THE PROBLEM
Repeat the data as given. Images do not go in the copy.

PROVIDED DATA

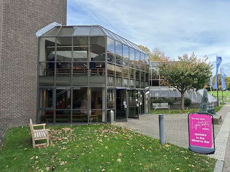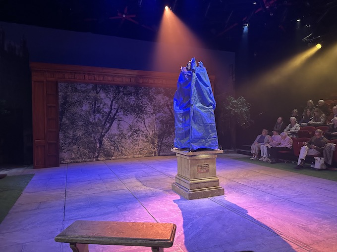 The set is extremely good. We have an inner stage which serves as Connor and Isaiah’s room, then a corridor in the university, and then Omar’s room. It slides in and out. For Omar’s room, a further platform slides out to show his larger single room with more furniture. Changes of scene in the inner stage are elaborate and must require rapid and silent work froim the stage crew. The statue is in the foreground. Note that grass surrounds the patio (astroturf), and the photographic backdrop with trees and doors. For the patio scenes, a cloth with trees covers the inner stage. When the initial blackout starts the play, we were amazed when the lights went up to reveal the statue had gone. It will come and go during the play. (It’s on a silent track).
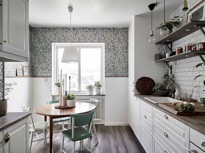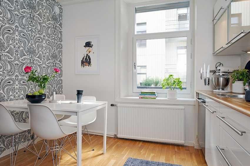 Если кухонный гарнитур белого цвета, необходимо отказаться от светлых обоев
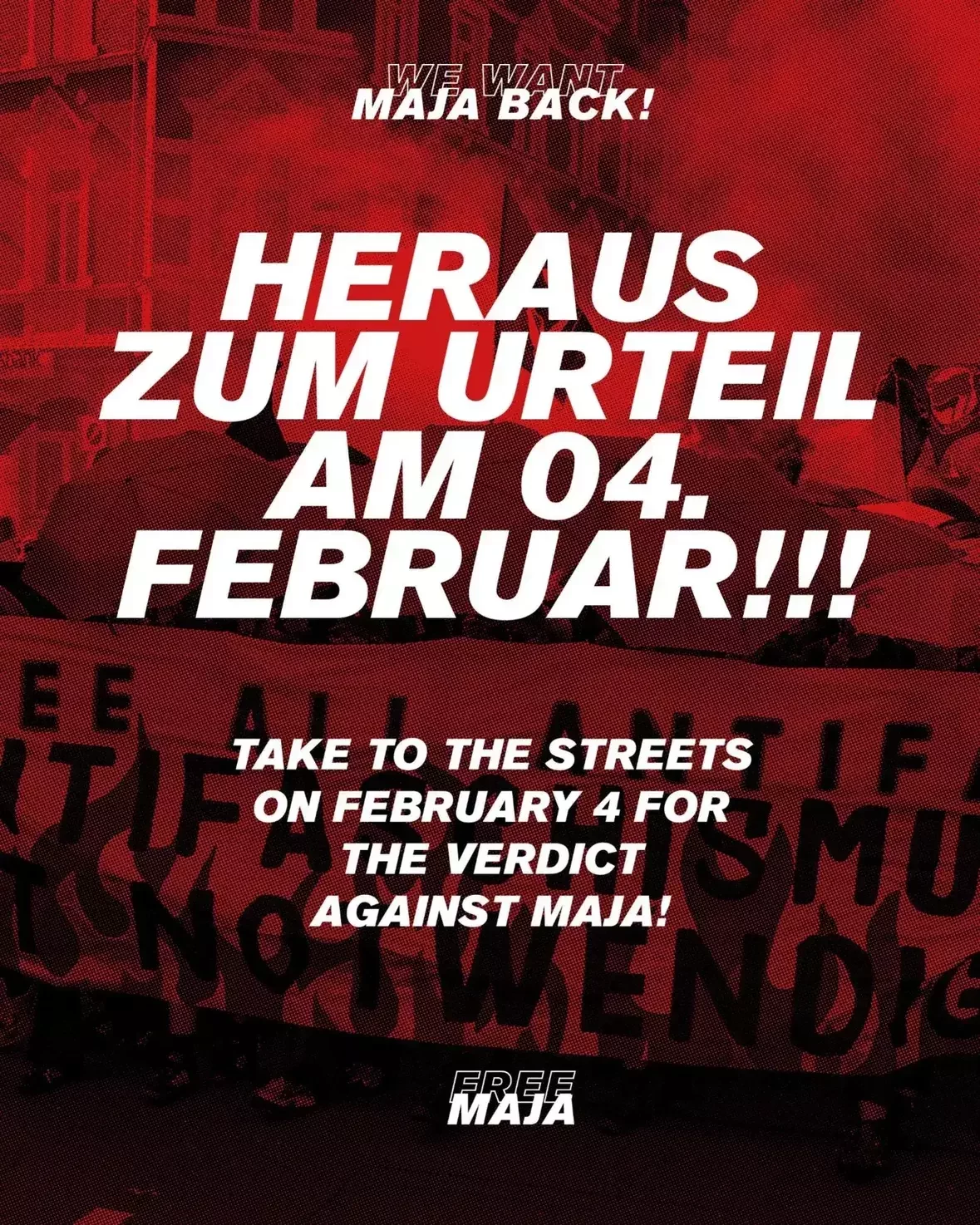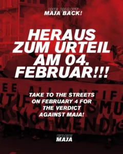 Außerdem wird in Kürze das Urteil für Maja, Gabri und Anna am 4. Februar 2026 in Budapest gesprochen. Maja ist nun seit mehr als 2 Jahren in Isolationshaft, davon mehr als 1,5 Jahre unter menschenunwürdigen Bedingungen in Budapest. Jetzt drohen Maja bis zu 24 Jahre Haft in Ungarn.

REPLY TO THE EXERCISE
 The set is extremely good. We have an inner stage which serves as Connor and Isaiah’s room, then a corridor in the university, and then Omar’s room. It slides in and out. For Omar’s room, a further platform slides out to show his larger single room with more furniture. Changes of scene in the inner stage are elaborate and must require rapid and silent work froim the stage crew. The statue is in the foreground. Note that grass surrounds the patio (astroturf), and the photographic backdrop with trees and doors. For the patio scenes, a cloth with trees covers the inner stage. When the initial blackout starts the play, we were amazed when the lights went up to reveal the statue had gone. It will come and go during the play. (It’s on a silent track).
 Если кухонный гарнитур белого цвета, необходимо отказаться от светлых обоев
 Außerdem wird in Kürze das Urteil für Maja, Gabri und Anna am 4. Februar 2026 in Budapest gesprochen. Maja ist nun seit mehr als 2 Jahren in Isolationshaft, davon mehr als 1,5 Jahre unter menschenunwürdigen Bedingungen in Budapest. Jetzt drohen Maja bis zu 24 Jahre Haft in Ungarn.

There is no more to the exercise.